Out of the kitchen down a tight hall through the beaded curtain into the main room of the shop, past shelves partitioned into regular cubbyholes stuffed here and there with mismatched pairs of shoes, past the worktable mounded high with more shoes of every shape and color, at the counter Frankie’s opening a couple of pink boxes of donuts, unwrapping a sleeve of styrofoam cups. Something spiky, electric guitars playing the same phrase over and over chiming in and out of synch, pokes out of the clock radio by the pile of shoes. The bell over the door to the shop rings and a widely compact man steps in, worn jeans over longjohns and a bulky blue cardigan, his bald head ruddy. “Hey, Dogstongue,” says Frankie, and the bald man nods, jerks a thumb at the music in the air. “Frasca?” he says.
“Beats me,” says Frankie around a mouthful of cruller.

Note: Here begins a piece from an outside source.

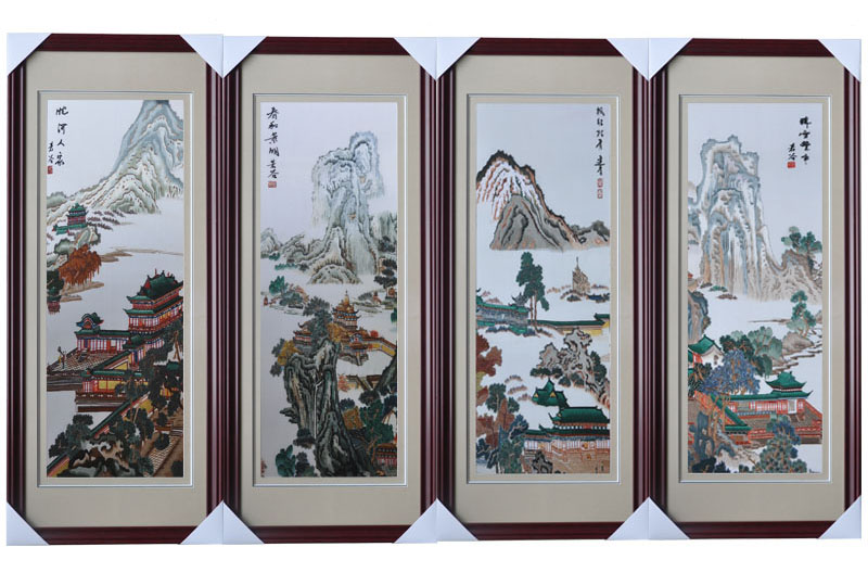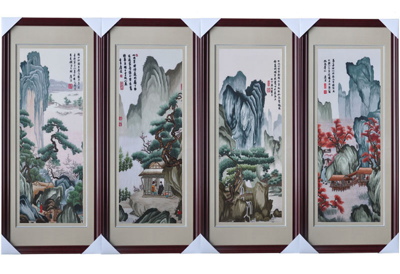 嬌古蘇繡 手工刺繡工藝品 裝飾壁畫四件套 山水蘇繡畫
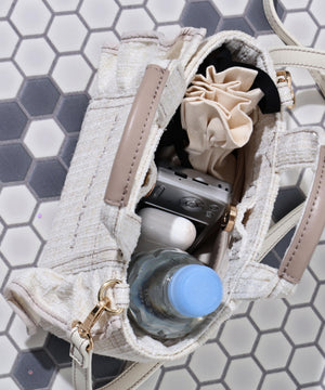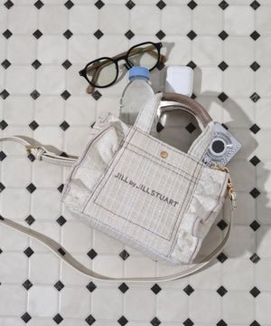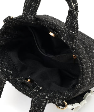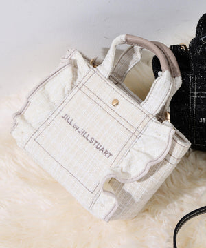 「ブランドのアイコンであるフリルトートからミニサイズが新登場」フリルの可愛らしいディテールはそのまま、日常に寄り添う小ぶりなサイズが、お出かけにぴったりなアイテムです。こちらは品の良いラメツイードを使用しているのでコーディネートに取り入れるだけで、華やかさをプラス。口元は中身を隠せるマグネット仕様、内側はファスナーポケット付き。実用性もありながら開口部が広く、見た目以上の収納力も魅力です。ショルダーは取り外し可能。※撮影時照明の関係により、色味が違って見える場合がございます。

The bell rings again, and again, a woman in a long puffy coat over a taupe dress, a white apron, a nameplate that says Iemanya, a man in worn blue coveralls and grey leather work gloves and a long red toolbox that he sets down with a clank. Frankie’s pouring coffee, offering donuts, saying hello. Three men and a woman come in together, heavy coats over trim black jackets unbuttoned, formal white shirts open at the throat, black pants with glossy black ribbons down the leg. Two of them wrangle a wide flat tray with a roundly crusted loaf under plastic wrap. They heft it up on the counter, “Whoa, hey,” says Frankie, and the wrap comes off. A wedge has been cut from the loaf to reveal layers of cheese and twirly pasta with tomato sauce and pesto and olives and slices of egg and more besides. “Timpano!” cries the woman with a flourish, and the bell rings again, a fifth of them in that trim black uniform working her way through the door, a dingy red cooler in her arms, “A little help please?”
“Dang,” says Dogstongue, picking at the filling of the loaf. “Compliments of the Queen,” says one of the men, and “Dinner interruptus!” cries the first woman, taking one handle of the cooler.
“They fell to blows over the soup,” says the second woman, opening the cooler on a jumble of bottles of soda and wine.
“Well not because of the soup,” says one of the men, and “During the soup,” says another.
“So,” says the first woman, repeating her flourish, “leftovers!”
“There’s a big old roll of tin foil in one of the cabinets back there,” says the old man from the back of the room by the beaded curtain.
“Okay,” says Frankie, handing off another cup of coffee. “Hey, where’s Batswool? Isn’t he usually,” but the laughter dies, they’re looking away, the three men, the two women, the trim black uniforms. “Hey, what,” says Frankie, frowning.
“Go on, boy,” says the old man, gently. “Fetch the foil.”